気を失ったヒルデガルド以下のアールヴ族たちは、
先ほど起こった阿鼻叫喚が信じられなかった。

すぐに気を失ってしまったが、2体の竜と2体の魔獣の姿は、
はっきりとおぼえている。

亡国の危機になったと思った。

リオネルの従士たちを見ながら、全員がそうささやきあったのだ。

ここまでの猛者たちを従える人間族リオネル。

とんでもないとしか言いようがない。

同時に助かったとも考えた。

もしもリオネルが、邪悪な心と野望を持っていたら、イエーラは蹂躙され、アールヴ族たちは皆支配され、奴隷として貶められていたかもしれない。

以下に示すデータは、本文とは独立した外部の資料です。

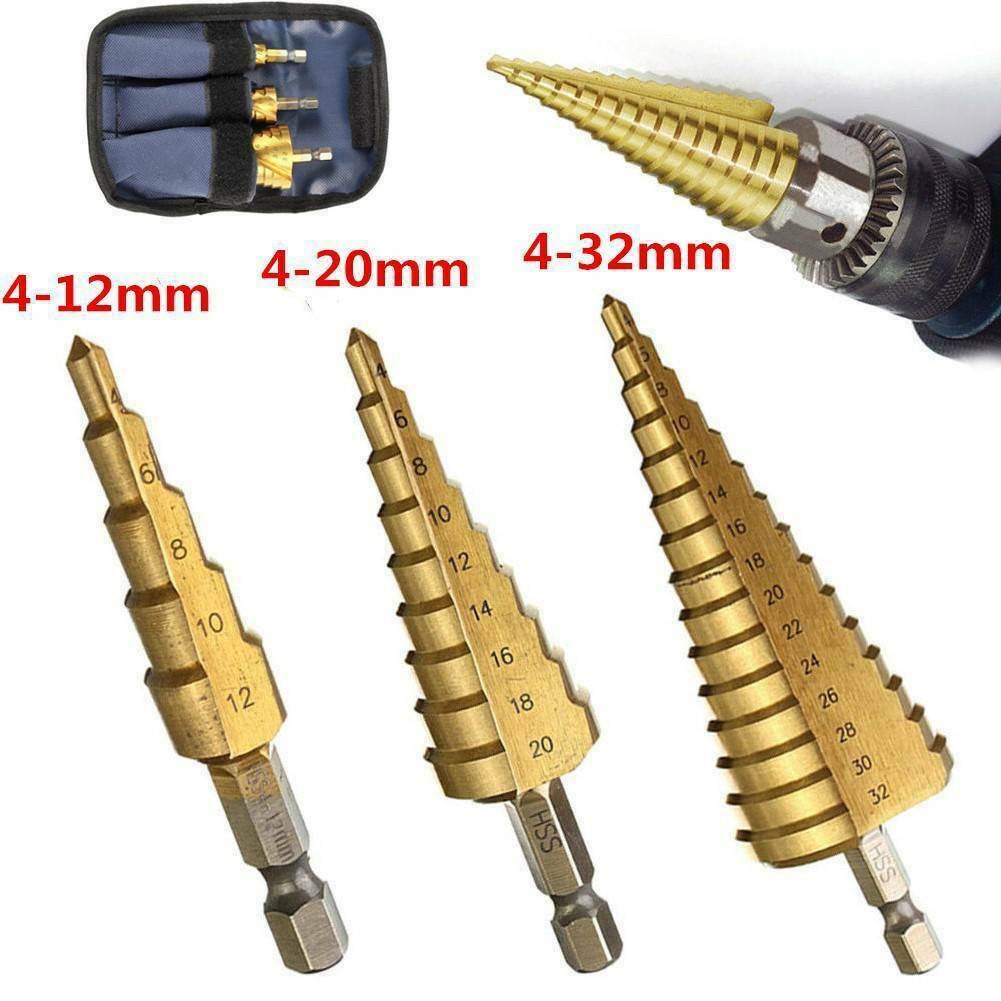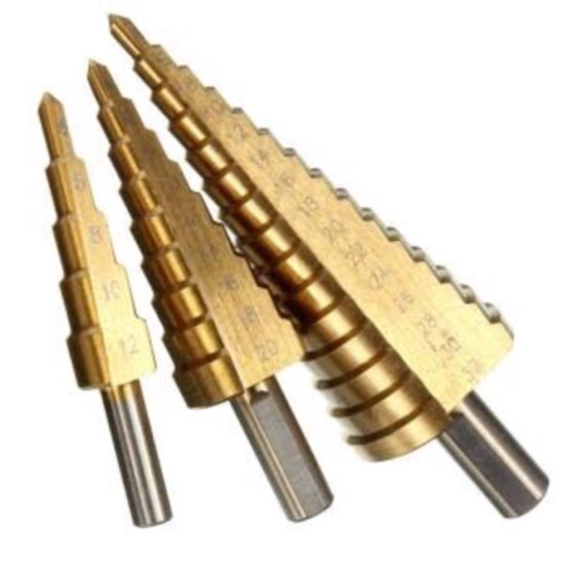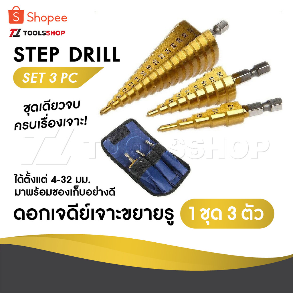 STEP DRILL SET 3 PC ดอกเจดีย์เจาะขยายรู 1 ชุด 3 ตัว ชุดเดียวจบครบเรื่องเจาะ ได้ตั้งแต่ 4-32 มม. มาพร้อมซองเก็บอย่างดี

しかし、リオネルは邪心どころか、イエーラの為に働いてくれるという。

転移魔法、全属性魔法使用者オールラウンダー
超一流召喚士?もしくは超一流テイマー?

それ以外にも、まだまだ見せぬ、底知れない能力を持っているに違いないと、
アールヴたちのささやきは止まらない。

ヒルデガルドも例外ではなく、喜び、希望、期待に満ちた眼差しで、
リオネルを見つめて来る。

「リオネル様」

「はい」

「イエーラには、多くの問題が山積しております。今後、いろいろとご相談に乗って頂き、ご尽力もして頂けるのですよね?」

「はい、イェレミアスさんとは、このイエーラを豊かな国にするべく、出来うる限り協力するという契約を結びましたので」

「ありがとうございます!!」

「はい、俺は万能ではありませんが、やれる事を最大限やりたいと思います。問題が山積していると聞きましたが、どれから手をつけるのかは、ヒルデガルドさん、イェレミアスさんと相談しながら、おいおい進めましょう」

「うふふふ♡ 助かります!!」

大いに喜ぶヒルデガルドだが、ジト目の視線を感じた。

恐る恐る見れば、シルフのリーアが、少しお怒りモードの視線を投げかけていた。

「あの……リオネル様」

「はい、何でしょう?」

「シルフ様のご機嫌がお悪いようなのですが……」

リーアは、まだ風属性の従士紹介がなかった事を不満に感じているようだ。

対して、リオネルはすぐに察し、

「はい、俺には素晴らしい風の従士も居ますので、後ほど改めてご紹介します」

と言えば、リーアの表情は一転。

晴れやかな笑顔に変わったのである。